Entries taken from a collection:

::::::::::

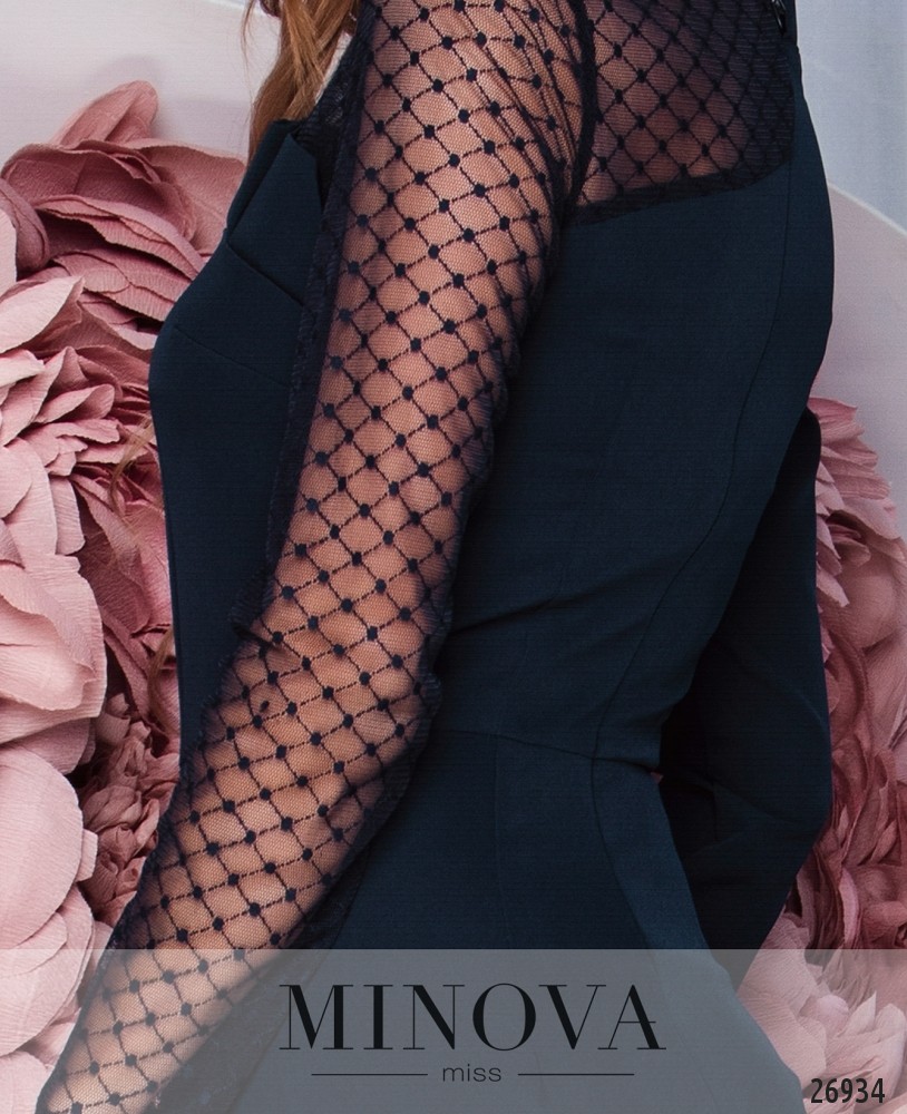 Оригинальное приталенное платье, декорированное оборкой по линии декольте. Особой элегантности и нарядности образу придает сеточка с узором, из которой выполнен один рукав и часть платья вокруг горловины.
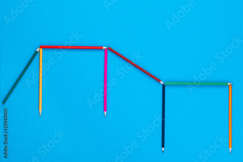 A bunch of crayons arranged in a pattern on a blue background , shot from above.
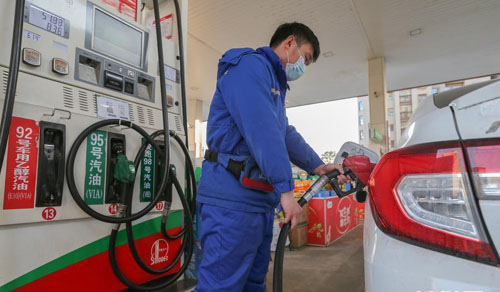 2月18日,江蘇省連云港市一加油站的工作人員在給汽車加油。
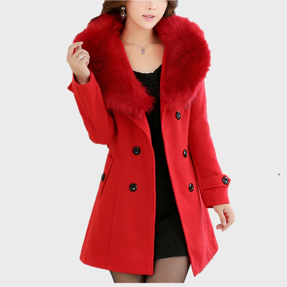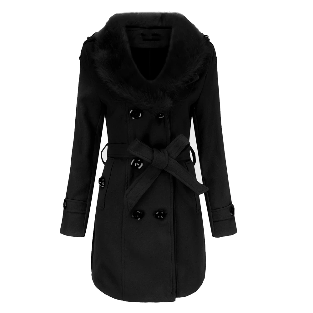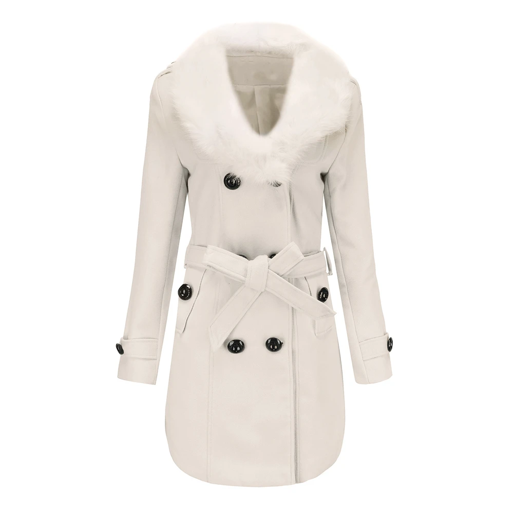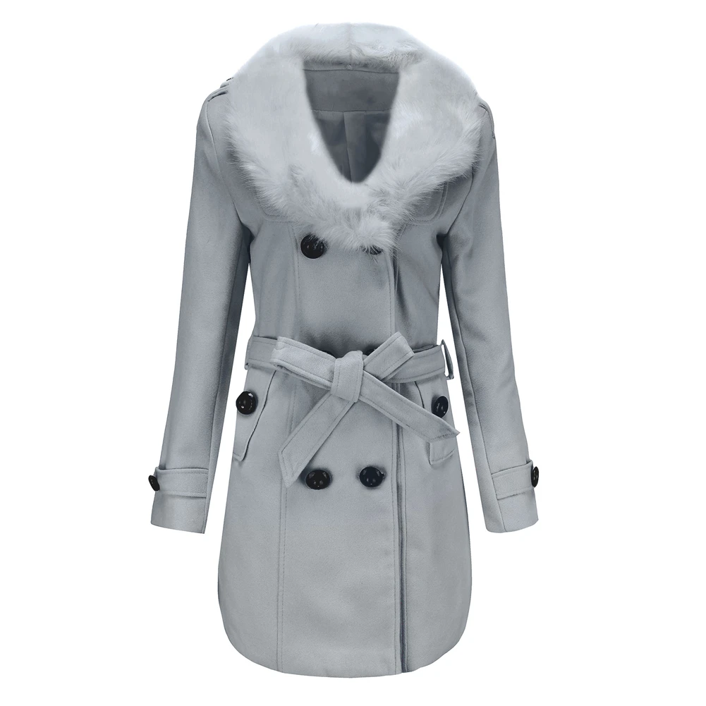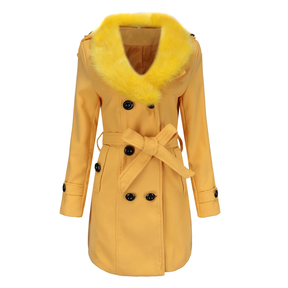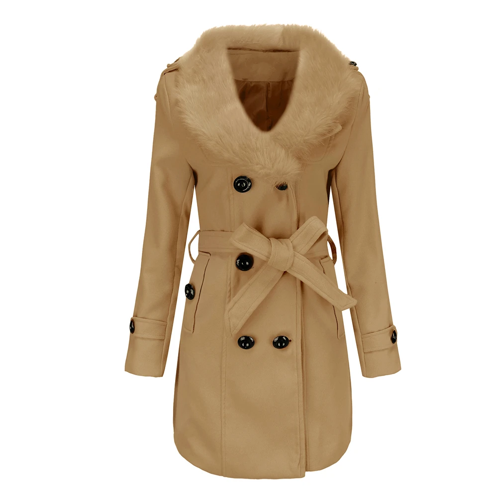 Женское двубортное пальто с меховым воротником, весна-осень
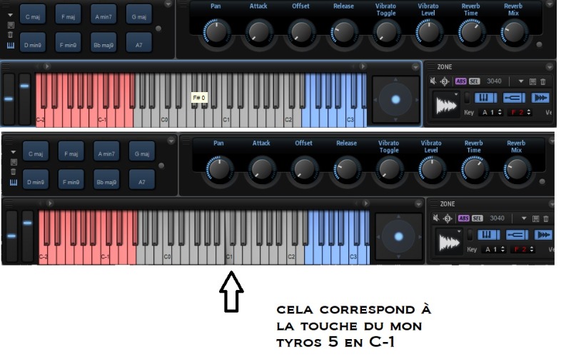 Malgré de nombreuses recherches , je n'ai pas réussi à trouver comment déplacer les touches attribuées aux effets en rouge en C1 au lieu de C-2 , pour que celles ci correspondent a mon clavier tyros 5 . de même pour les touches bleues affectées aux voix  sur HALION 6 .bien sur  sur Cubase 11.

::::::::::

What is being asked.
Reproduce the entries exactly. Do not carry over any picture.

Written response.
 Оригинальное приталенное платье, декорированное оборкой по линии декольте. Особой элегантности и нарядности образу придает сеточка с узором, из которой выполнен один рукав и часть платья вокруг горловины.
 A bunch of crayons arranged in a pattern on a blue background , shot from above.
 2月18日,江蘇省連云港市一加油站的工作人員在給汽車加油。
 Женское двубортное пальто с меховым воротником, весна-осень
 Malgré de nombreuses recherches , je n'ai pas réussi à trouver comment déplacer les touches attribuées aux effets en rouge en C1 au lieu de C-2 , pour que celles ci correspondent a mon clavier tyros 5 . de même pour les touches bleues affectées aux voix  sur HALION 6 .bien sur  sur Cubase 11.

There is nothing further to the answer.